As some of you know, November is the month for Nanowrimo, better known by its full name: National Novel Writing Month. Aspiring scribes of varying talent commit to a hard 50k wordcount by the end of November, using the occasion as a vehicle to eliminate procrastination.

Now, like most low-traffic blogs, the average Nanowrimo project isn't worth a second glance, unless you're connected to the writer somehow.

Through an odd confluence of searches related to recent semilucid dreams and no small measure of serendipity, I stumbled across a Nanowrimo project that blew me away with its sharp dialogue, sardonic antihero protagonist, and a richly nuanced cast of supporting otherworldly and mundane characters - Descant.

A quote:

I’m not a sorcerer.

I tell you this, because it’s usually the very first question almost anyone who comes into my office asks me. They expect a man who deals with the supernatural to be some sort of supernatural being himself, I suppose. It's odd that they ask, really, considering that very few people really believe in the stuff, but I guess that doesn't mean they're not intrigued by it. Tolkien, and Rowling, and Lewis, and all those other writers who created fantasy worlds sparked the creative imaginations of the human race and made them wonder if any of that fiction was based in reality.

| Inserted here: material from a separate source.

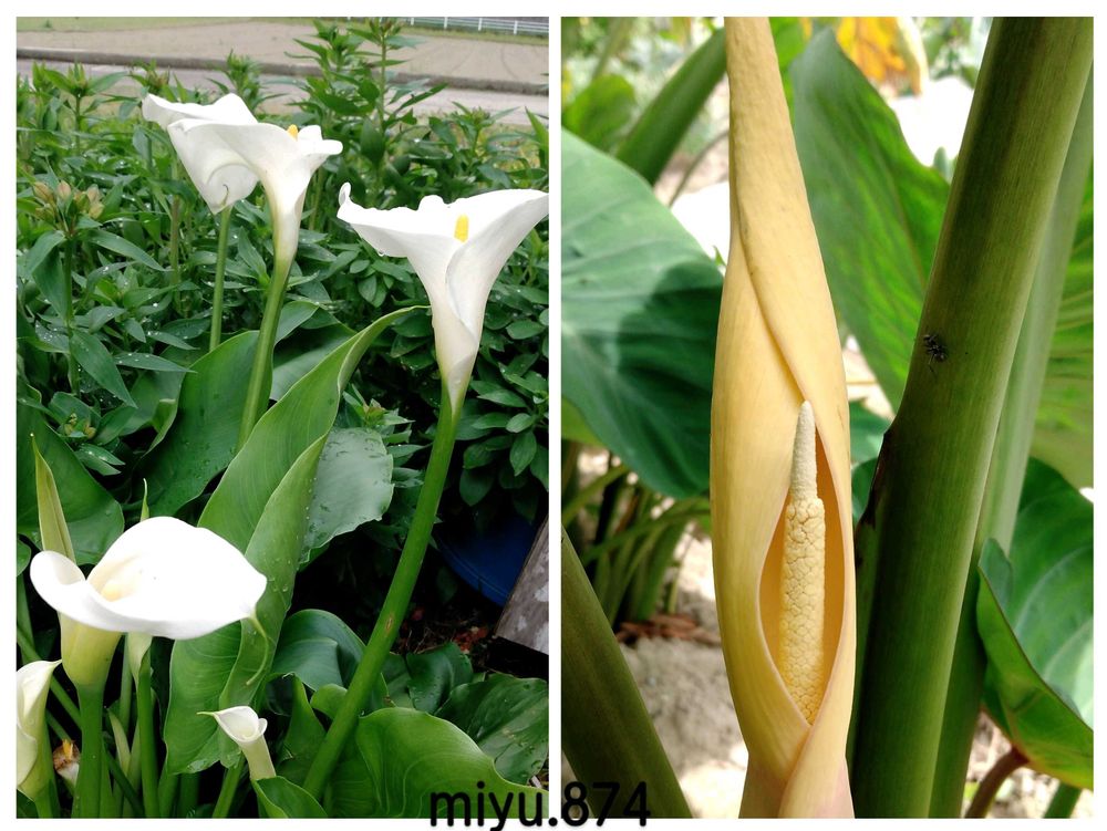左は サトイモ科のカラー 庭に植えっぱなしでたくさん咲いてくれてますよぉ〜🌼

It is, obviously. I'm just not a part of it - not really anyway.

...

I suppose that means half my customers are disappointed when they come to my office expecting to find some steely-eyed Gandalf-meets-Columbo type character, and what they get is me- Desmond D. Descant, Paranormal Investigator, just a normal average guy. Almost.


- Chapter Two: Whatever the Case May Be, Descant

Like any work-in-progress, the tale as it stands can use some editing - but the objective of Nanowrimo is volume, not perfect prose - and for an unedited stream-of-consciousness story, it's a hell of a yarn.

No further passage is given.